Hypoxic-Ischemic Brain Injury

Epidemiology

  • Incidence and Mortality: anoxic brain injury is responsible for 66% of deaths in the post-cardiac arrest period

Etiology

  • Cardiac Arrest (see Cardiac Arrest, [[Cardiac Arrest]])
  • Intoxication
    • Carbon Monoxide Intoxication (see Carbon Monoxide, [[Carbon Monoxide]])
    • Drug Overdose
  • Severe Hypoxemia (see Hypoxemia, [[Hypoxemia]]): resulting in cerebral hypoxia
    • Unsuccessful Intubation
  • Traumatic Brain Injury (TBI) (see Traumatic Brain Injury, [[Traumatic Brain Injury]])
  • Vascular Compromise to Cerebral Blood Supply

Physiology

  • Mechanisms
    • Cell Death Signaling Pathways
    • Cerebral Edema (Limited Extent): increased intracranial pressure is not a prominent feature of post-cardiac arrest syndrome
    • Disrupted Calcium Homeostasis
    • Free Radical Formation
    • Impaired Cerebrovascular Autoregulation: with impaired cerebral microcirculatory blood flow
    • No Reflow
    • Reperfusion Injury
    • Additional Brain Insults: due to pyrexia, hyperglycemia, hyperoxygenation, etc

Diagnosis

Head CT (see Head Computed Tomography, [[Head Computed Tomography]])

  • Indications
    • Exclusion of Intracerebral Hemorrhage/Focal or Multifocal Infarcts
  • Findings
    • Cerebral Edema May Be Noted: however, there is insufficient date to determine the prognostic utility of imaging data [MEDLINE]

Brain MRI (see Brain Magnetic Resonance Imaging, [[Brain Magnetic Resonance Imaging]])

  • Indications
    • Exclusion of Intracerebral Hemorrhage/Focal or Multifocal Infarcts
  • Findings
    • Cerebral Edema May Be Noted: however, there is insufficient date to determine the prognostic utility of MRI DWI and FLAIR [MEDLINE]

Electroencephalogram (EEG) (see Electroencephalogram, [[Electroencephalogram]])

  • Utility of EEG in Predicting Prognosis
    • American Academy of Neurology Practice Parameter (Neurology, 2006) [MEDLINE]: burst suppression or generalized epileptiform discharges predict poor outcome, but with insufficient prognostic accuracy (recommendation level C)

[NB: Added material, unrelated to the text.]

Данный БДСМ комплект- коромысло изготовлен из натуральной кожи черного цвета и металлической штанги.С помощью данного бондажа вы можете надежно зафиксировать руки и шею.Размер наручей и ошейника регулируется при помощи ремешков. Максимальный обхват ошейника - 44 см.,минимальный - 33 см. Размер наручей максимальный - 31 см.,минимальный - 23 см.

Cerebral Performance Category (CPC)

  • CPC at Hospital Discharge is a Useful Surrogate Measure of Long-Term Survival After Cardiac Arrest (Crit Care Med, 2013) [MEDLINE]

Serum Neuron-Specific Enolase (NSE) and S100 Beta (see Serum Neuron-Specific Enolase, [[Serum Neuron-Specific Enolase]])

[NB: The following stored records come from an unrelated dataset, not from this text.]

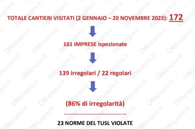 Infortuni sul lavoro: nel 2023 controllati 172 cantieri edili, nel 2024 già 75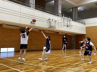 円陣を組んで気合を入れます! 積極果敢に3ポイントシュート!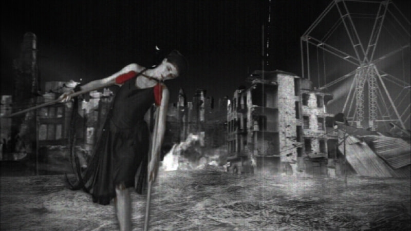 戦争?核?隕石の衝突?荒廃的な都市に、松葉杖の女性。松葉杖が機関銃のように攻撃的だ。ゲームの中に入り込んだような作品。アニメーションと実写をミックスしたビデオダンス。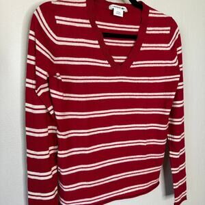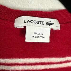 Lacoste Women's Long Sleeve V-neck Striped Sweater Merino Wool Red Cream Size M

  • Rationale: neuron-specific enolase is released into cerebrospinal fluid, cerebral circulation, and systemic circulation after brain injury
    • Elevated levels 72 hrs after cardiac arrest are an indicator of hypoxic brain damage and correlate significantly with neurologic outcome
  • Utility of Neuron-Specific Enolase in Predicting Prognosis
    • American Academy of Neurology Practice Parameter (Neurology, 2006) [MEDLINE]:
      serum neuro-specific enolase level >33 g/L at days 1-3 post-CPR accurately predicts poor outcome (recommendation level B)

Somatosensory Evoked Potentials (SSEP) (see Somatosensory Evoked Potentials, [[Somatosensory Evoked Potentials]])

  • Utility of SSEP in Predicting Prognosis
    • American Academy of Neurology Practice Parameter (Neurology, 2006) [MEDLINE]: the assessment of poor prognosis can be guided by the bilateral absence of cortical SSEPs (N2O response) within 1-3 days (recommendation level B)
    • However, the presence of somatosensory evoked potentials does not necessarily guarantee a good neurological outcome

Clinical Manifestations

Neurologic Manifestations

Clinical Patterns

  • Akinetic Mutism
  • Brain Death (see Brain Death, [[Brain Death]])
  • Coma (see Obtundation-Coma, [[Obtundation-Coma]])
  • Dementia (see Dementia, [[Dementia]])
  • Locked-In Syndrome (see Locked-In Syndrome, [[Locked-In Syndrome]])
  • Persistent Vegetative State: term was first used in 1972
  • Minimally Conscious State

BRAIN INJURY

Intracranial Hypertension (see Increased Intracranial Pressure, [[Increased Intracranial Pressure]])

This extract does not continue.